It is almost five in the afternoon and a woman is having coffee on the terrace when a scream from her daughter startles her and, in the process, puts the entire port of La Restingaon the Canary Island of The iron. He hasn’t hurt himself, but rather acts as a lookout: “Look, mom, a canoe!” A new barge with about 70 people on board, the first today and the tenth in the last 72 hours, was sighted 1.5 miles away from land. Minutes later she arrived at the port, quite full of water and with large star flags painted on the bow and stern of the boat. It is one of the common methods to identify and differentiate these vessels. At the port, they explain that the flag is popular because they see it on television in the broadcasts of Barcelona matches.
Until that moment it had been a day of tranquility after two days in which the arrivals took place in a frenetic manner, with approximately 1,200 people arriving in El Hierro in nine different boats. Among them, on Tuesday, the largest since there have been records on the Canary Islands route, with 280 people on board.
This Thursday, as you could see THE WORLD, activity in this port, a regular destination for divers from all over Europe, was limited to the cleaning and destruction of the boats that had arrived during the week. Several of them, of considerable size and with features that showed that the people who had been in them had done so for several days (there were clothes, remains of food and even a mobile phone could be seen), were about to be intervened in the moment in which this new cayuco has been sighted.
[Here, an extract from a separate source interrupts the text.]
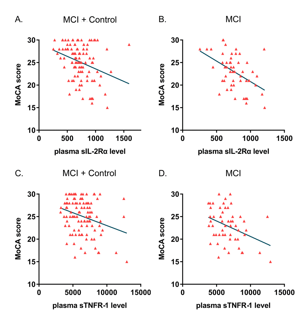 Aging has been associated with alterations of circulating cells producing cytokines or chemokines, and changes in the distribution of lymphocyte subset might be specific in different types of neurodegenerative disorders such as AD [28]. In agreement with a previous clinical study [26], our research data showed significantly inverse correlations between plasma sIL-2Rα concentration and cognition level evaluated by MoCA in both the whole study cohort and the MCI group. But this correlation was not detected in the control group. It is known that IL-2Rα plays a critical role in the signaling of IL-2 and the regulation of immune reactions [29]. Produced from the membrane-bound IL-2Rα, the soluble IL-2Rα could inhibit the IL-2 signaling and promote the proliferation of T cell, and was therefore regarded as the stable biomarker for T cell activation [30,31]. Laurent et al. have demonstrated a pivotal role of T cell infiltration in tauopathy and cognitive deficits in neurodegeneration [32]. Altogether, it is reasonable to speculate that there is an association between plasma sIL-2Rα level and cognitive impairment, which might be utilized for detecting disease progression.

Members of the Red Cross and the Canarian Emergency Service (SUC) have already traveled to La Restinga to help these people. Some of them have needed medical assistance, with symptoms of apparent dehydration, although none of them seem to be serious.
At the same time, the Government has today begun to transfer the migrants who have been arriving in recent days to the island of Tenerife. This morning two ships transported more than 300 people, so most of the hundreds of people who have arrived at the port of La Restinga in the last 48 hours still remain on the island. El Hierro, with barely 11,000 inhabitants, does not have resources or infrastructure to assimilate the continuous arrival of irregular migrants.